Dans une lettre ouverte publiée tout récemment, ces spécialistes font valoir les nombreux bénéfices de l’apprentissage en nature, particulièrement en temps de COVID-19. Envoyée aux médias, la lettre a été rapidement suivie d’une pétition en ligne qui a recueilli plus de 7000 signatures en moins d’une semaine. Pour les signataires, parmi lesquels figure la Fondation Monique-Fitz-Back, l’éducation à l’extérieur permet de mieux respecter les règles de distanciation physique, tout en favorisant le bien-être, la santé, ainsi que la sécurité des élèves et des enseignants.
« En plus de tous les bénéfices qu’on en retire au niveau éducatif, on sait que le contact avec la nature diminue beaucoup le stress et l’anxiété. Après deux mois de confinement à l’intérieur, les élèves ont plus que jamais besoin de prendre l’air et de bouger. » - Julie Moffet, coordonnatrice du projet Enseigner dehors, Fondation Monique-Fitz-Back.
L’éducation à l’extérieur pour le bien-être des enfants
Fermeture des écoles, routine chambardée, activités annulées, confinement obligé… : les conséquences de la pandémie actuelle peuvent être tout aussi angoissantes pour les enfants que pour leurs parents. Mais alors que la décision du gouvernement québécois de rouvrir les écoles est principalement motivée par des raisons sociales et pour le bien des enfants, on peut s’inquiéter avec raison que les enfants confinés chez eux depuis plusieurs semaines se retrouvent tout aussi confinés à l’intérieur de l’école. Profiter du déconfinement pour mettre de l’avant la pédagogie en plein air apparaît donc comme une réponse cohérente et rassurante à la crise que nous vivons.
Selon Julie Moffet, coordonnatrice du projet Enseigner dehors à la Fondation Monique-Fitz-Back, le Québec devrait s’inspirer du Danemark qui a donné comme consigne claire de favoriser la classe à l’extérieur pour limiter les risques de propagation de la COVID-19 auprès des écoliers. En plus de faciliter l’instauration d’une distance de 2 mètres entre les élèves, il semble en effet que la transmission du virus se fasse moins à l’extérieur. Et c’est sans compter tous les bénéfices reconnus de l’apprentissage en extérieur. De nombreuses recherches ont en effet démontré des bienfaits aussi diversifiés qu’une augmentation de la concentration, de la motivation, du développement personnel et moteur, ainsi que de la performance académique des élèves. « On se rend compte qu’être dehors est tellement stimulant, précise Julie Moffet, qu’il y a des impacts très forts sur la réussite scolaire. »

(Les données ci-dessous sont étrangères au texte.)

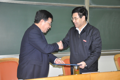 在热烈的掌声中,宋晓平副校长向安院长颁发了聘书,安东院长受聘为我校“兼职教授”和“开云足球_开云(中国)发展咨询委员会副主任委员”,宋晓平副校长为安院长佩戴了开云足球_开云(中国)校徽。

« Quand on sort dehors, même dans une cour d’école asphaltée, il y a du soleil, du vent et on peut entendre les oiseaux. Ce sont des sensations qui sont très rassurantes, qui peuvent faire autant de bien aux élèves qu’aux enseignants qui vivent aussi beaucoup de stress en période de pandémie. » - Julie Moffet
Enseignement en plein air et COVID-19
Enseignant en éducation physique et chargé de cours au programme de 2e cycle en intervention en contexte de plein air à l’UQAM, Patrick Daigle a tenu rapidement à joindre sa voix à cet appel à l’enseignement en plein air. Avec la participation de la Fondation Monique-Fitz-Back et du Réseau des unités régionales de loisir et de sport, l’équipe du 2e cycle en plein air de l’UQAM a ainsi réalisé sous sa direction un petit guide pratique pour les enseignants désireux d’adapter leur enseignement à l’extérieur, en tenant compte des directives du MÉES et de l’Institut national de santé publique du Québec (INSPQ) pour le milieu scolaire. (NDLR: le guide sera disponible mercredi le 13 mai et nous ajouterons au bas de cet article le lien pour le consulter.)

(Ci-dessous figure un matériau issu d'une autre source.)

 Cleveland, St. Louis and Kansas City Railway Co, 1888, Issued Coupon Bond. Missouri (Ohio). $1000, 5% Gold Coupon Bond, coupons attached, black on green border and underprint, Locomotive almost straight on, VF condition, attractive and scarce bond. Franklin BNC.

En plus de présenter des mesures simples pour assurer le respect des règles sanitaires, comme la délimitation des zones d’apprentissage dans la cour, les déplacements en alternance entre les groupes ou l’installation d’un tuyau d’arrosage pour se laver les mains, les auteurs de ce document proposent quelques activités accessibles et agréables à faire avec les élèves, aussi bien dans les espaces verts que dans la cour de l’école. « Ça peut être aussi simple que de prendre sa collation à l’extérieur ou de rester dehors pour la routine d’accueil », explique Patrick Daigle, qui croit fermement que les espaces à l’extérieur de l’école peuvent faciliter le travail des intervenants pour assurer la sécurité, la santé et le bien-être de tous.
« Faire une simple révision, une lecture ou un parcours actif mathématique à l’extérieur, ajoute Julie Moffet, ce sont des moments qui peuvent faire la différence dans le bien-être des élèves. » Celle-ci tient par ailleurs à rappeler que la classe extérieure favorise les mouvements des élèves qui peuvent s'asseoir ou rester debout et que les possibilités d’activités extérieures sont multiples. Quelle que soit la matière enseignée, l’enseignement à l’extérieur permet de rendre des notions abstraites beaucoup plus concrètes. Julie Moffet invite par ailleurs les enseignants en quête d’idées d’activités pour faire la classe à l’extérieur à visiter le site du projet Enseigner dehors de la Fondation Monique-Fitz-Back.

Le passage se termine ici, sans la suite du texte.